Task requirements
An exact copy of the records below is needed, with every picture left out.

Dataset
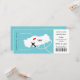 Eine lustige, aber stilvolle Hochzeitseinladung in einem Boarding-Pass/Ticket-Stil für Paare, die im Ausland heiraten. Das zeigt sich in einer Silhouette auf der Weißen Karte auf aquamarinem Blau mit süß-roten Lieben-Herzen, Silhouette im Flugzeug und weißen Perlen, die in Herzform wirbeln. Die Rückseite des Boarding-Passes hat ein hübsches elegantes Lackmuster.
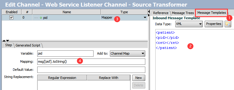 设置源端转换规则;源端新建Mapper映射转换步骤,在‘输入消息模板’录入如下XML消息模板
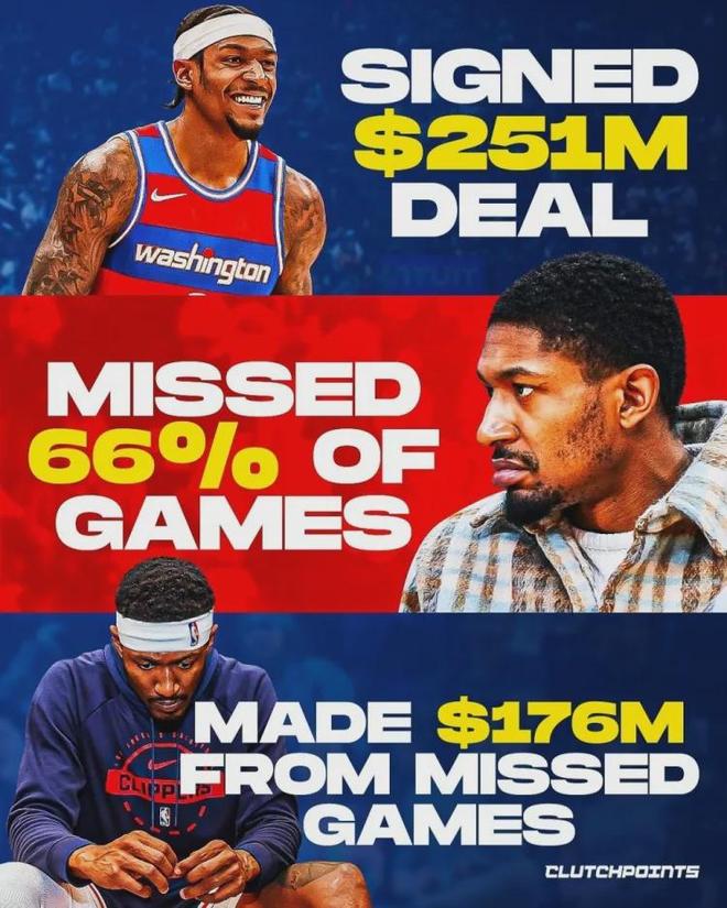 話說比爾夠爽的,據(jù)統(tǒng)計自簽下五年2.51億美元頂薪合同之后,缺席了66%的比賽,躺賺1.76億美元,堪稱摸魚打工人的典范&資本家的超級噩夢。
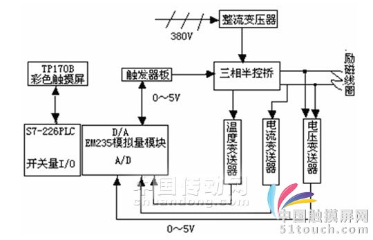 系统由5部分组成:变送器、PLC主机、模拟量输入输出模块、触摸屏、可控硅整流部分等组成,系统控制结构如图1所示。在控制部分,选用SIEMENS 的S7-200 PLC 对采样信号进行快速、可靠的处理,编程软件为STEP 7-MicroWIN 32 V3.2;选用SIEMENS 的TP270B触摸式人机界面(HMI)对实时温度值和各种故障信息进行显示、记录,组态软件为SIMATIC Pro-Tool V6.0。HMI 和PLC 之间采用MPI( 多点)通讯方式,通过对HMI 画面上所设元件属性和与PLC 的数据交换地址的定义,实现HMI 上相关元件对应的暂存器对PLC 存储单元的读写。
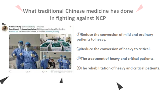 在《跨文化交际》课堂中,李品老师在讲解文化对于不同语境的影响时,特别针对医疗语境,布置员工通过presentation展示中医对于世界的影响,尤其是在这次新冠疫情防控中的影响力。同学们以制作精良、语料详实的幻灯片,生动、深刻地讲述了古老独特的东方医学及博大精深的中医文化在抗疫中的关键作用。这一课堂任务不仅调动了同学们学习语言、运用语言的热情,还大大提升了他们对中医为代表的中华文化的自信。
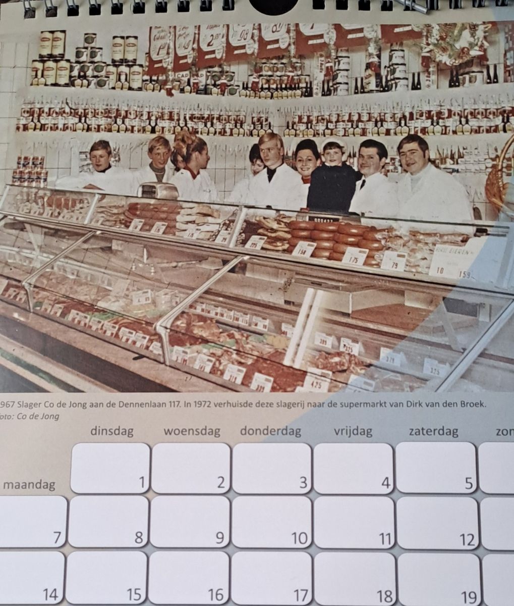 Historisch Halfweg hield op 28 oktober zijn jaarlijkse donateursavond in de protestantse kerk in Halfweg. Zoals gebruikelijk werd daar de kalender voor het komende jaar gepresenteerd. Het eerste exemplaar werd dit jaar uitgereikt aan de voormalige slager Co de Jong. De foto van zijn slagerij aan de Dennenlaan in 1967 siert de kalendermaand december 2026.
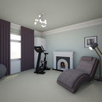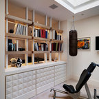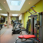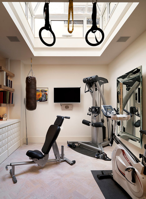 This is an example of a large victorian multi-use home gym in London with white walls and light hardwood flooring. — Houzz
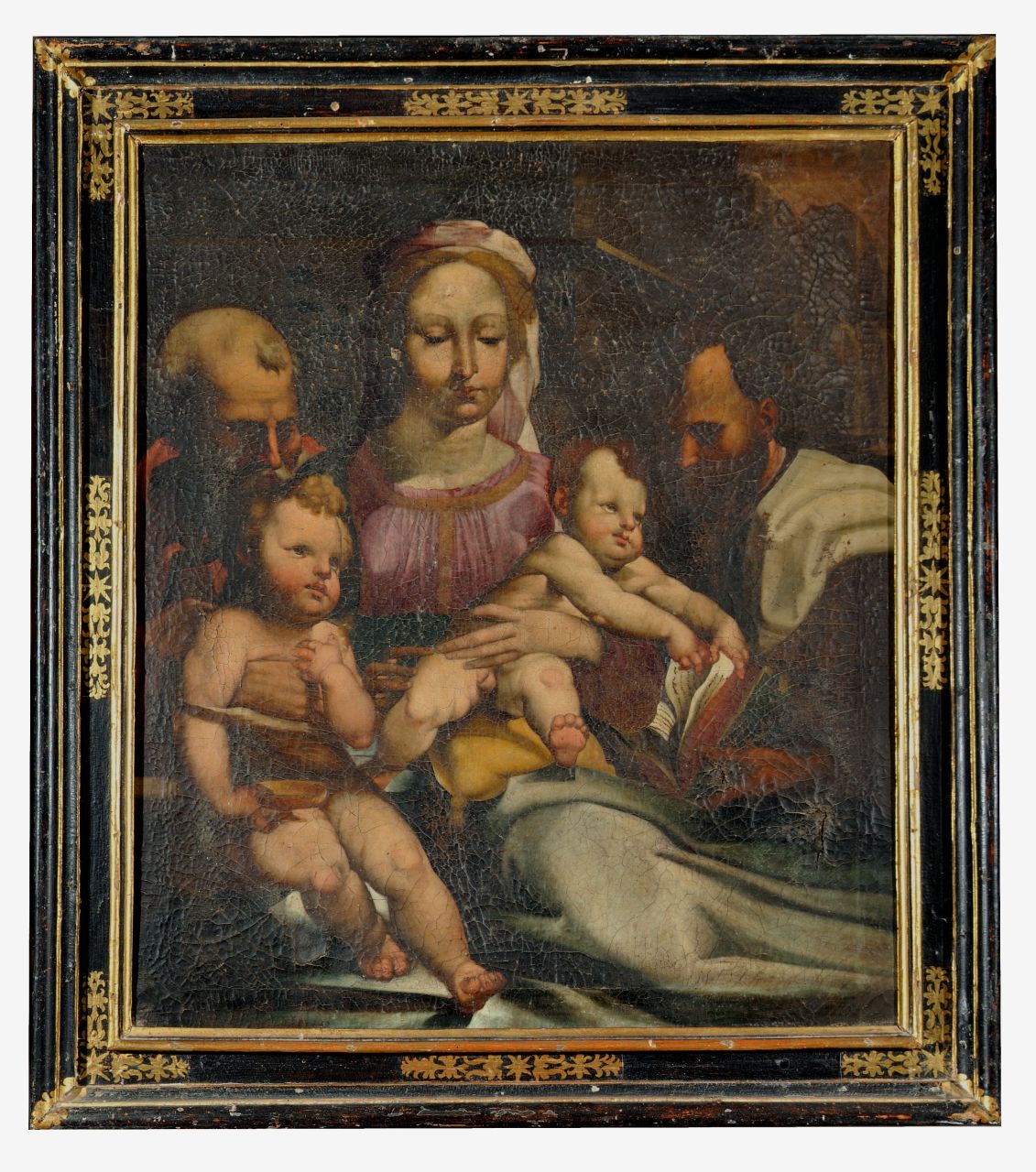 - NOTIZIE STORICO CRITICHE Questo e gli altri dieci dipinti sono stati notificati in quanto inscindibile nucleo collezionistico relativo alla famiglia senese dei Sansedoni, dal cui palazzo affacciato su Piazza del Campo provengono; nel 2015 sono passati in un’asta Pandolfini a Firenze. Il dipinto, copia di un famoso originale di Domenico Beccafumi ora al museo Horne di Firenze, testimonia l'apprezzamento del maestro senese presso le case aristocratiche, che in mancanza di originali dovevano accontentarsi di copie. Sicuramente si tratta del “quadro alto braccia uno e mezzo in circa con cornici gialle dorate esprimente la Madonna e il Bambino e altri S.ti opera della scuola di Mecherino”, che nel 1773 arredava l’appartamento del tesoriere Rutilio nel palazzo di famiglia in Piazza del Campo (cfr. bibliografia). Il copista si direbbe un pittore senese del secondo quarto del Seicento, che risente del luminismo di RUtilio Manetti, a giudicare dal forte contrasto delle ombre, che modifica sostanzialmente i modi pittorici del grande manierista senese. Rispetto al dipinto originale, che è un tondo su tavola, lo sconosciuto copista ha modificato supporto e formato, producendo una tipica tela da stanza seicentesca, che è contenuta in una notevole cornice lignea di tipo senese (cfr. relazione storico-artistica allegata al decreto di vincolo)

Result for this task
 Eine lustige, aber stilvolle Hochzeitseinladung in einem Boarding-Pass/Ticket-Stil für Paare, die im Ausland heiraten. Das zeigt sich in einer Silhouette auf der Weißen Karte auf aquamarinem Blau mit süß-roten Lieben-Herzen, Silhouette im Flugzeug und weißen Perlen, die in Herzform wirbeln. Die Rückseite des Boarding-Passes hat ein hübsches elegantes Lackmuster.
 设置源端转换规则;源端新建Mapper映射转换步骤,在‘输入消息模板’录入如下XML消息模板
 話說比爾夠爽的,據(jù)統(tǒng)計自簽下五年2.51億美元頂薪合同之后,缺席了66%的比賽,躺賺1.76億美元,堪稱摸魚打工人的典范&資本家的超級噩夢。
 系统由5部分组成:变送器、PLC主机、模拟量输入输出模块、触摸屏、可控硅整流部分等组成,系统控制结构如图1所示。在控制部分,选用SIEMENS 的S7-200 PLC 对采样信号进行快速、可靠的处理,编程软件为STEP 7-MicroWIN 32 V3.2;选用SIEMENS 的TP270B触摸式人机界面(HMI)对实时温度值和各种故障信息进行显示、记录,组态软件为SIMATIC Pro-Tool V6.0。HMI 和PLC 之间采用MPI( 多点)通讯方式,通过对HMI 画面上所设元件属性和与PLC 的数据交换地址的定义,实现HMI 上相关元件对应的暂存器对PLC 存储单元的读写。
 在《跨文化交际》课堂中,李品老师在讲解文化对于不同语境的影响时,特别针对医疗语境,布置员工通过presentation展示中医对于世界的影响,尤其是在这次新冠疫情防控中的影响力。同学们以制作精良、语料详实的幻灯片,生动、深刻地讲述了古老独特的东方医学及博大精深的中医文化在抗疫中的关键作用。这一课堂任务不仅调动了同学们学习语言、运用语言的热情,还大大提升了他们对中医为代表的中华文化的自信。
 Historisch Halfweg hield op 28 oktober zijn jaarlijkse donateursavond in de protestantse kerk in Halfweg. Zoals gebruikelijk werd daar de kalender voor het komende jaar gepresenteerd. Het eerste exemplaar werd dit jaar uitgereikt aan de voormalige slager Co de Jong. De foto van zijn slagerij aan de Dennenlaan in 1967 siert de kalendermaand december 2026.
 This is an example of a large victorian multi-use home gym in London with white walls and light hardwood flooring. — Houzz
 - NOTIZIE STORICO CRITICHE Questo e gli altri dieci dipinti sono stati notificati in quanto inscindibile nucleo collezionistico relativo alla famiglia senese dei Sansedoni, dal cui palazzo affacciato su Piazza del Campo provengono; nel 2015 sono passati in un’asta Pandolfini a Firenze. Il dipinto, copia di un famoso originale di Domenico Beccafumi ora al museo Horne di Firenze, testimonia l'apprezzamento del maestro senese presso le case aristocratiche, che in mancanza di originali dovevano accontentarsi di copie. Sicuramente si tratta del “quadro alto braccia uno e mezzo in circa con cornici gialle dorate esprimente la Madonna e il Bambino e altri S.ti opera della scuola di Mecherino”, che nel 1773 arredava l’appartamento del tesoriere Rutilio nel palazzo di famiglia in Piazza del Campo (cfr. bibliografia). Il copista si direbbe un pittore senese del secondo quarto del Seicento, che risente del luminismo di RUtilio Manetti, a giudicare dal forte contrasto delle ombre, che modifica sostanzialmente i modi pittorici del grande manierista senese. Rispetto al dipinto originale, che è un tondo su tavola, lo sconosciuto copista ha modificato supporto e formato, producendo una tipica tela da stanza seicentesca, che è contenuta in una notevole cornice lignea di tipo senese (cfr. relazione storico-artistica allegata al decreto di vincolo)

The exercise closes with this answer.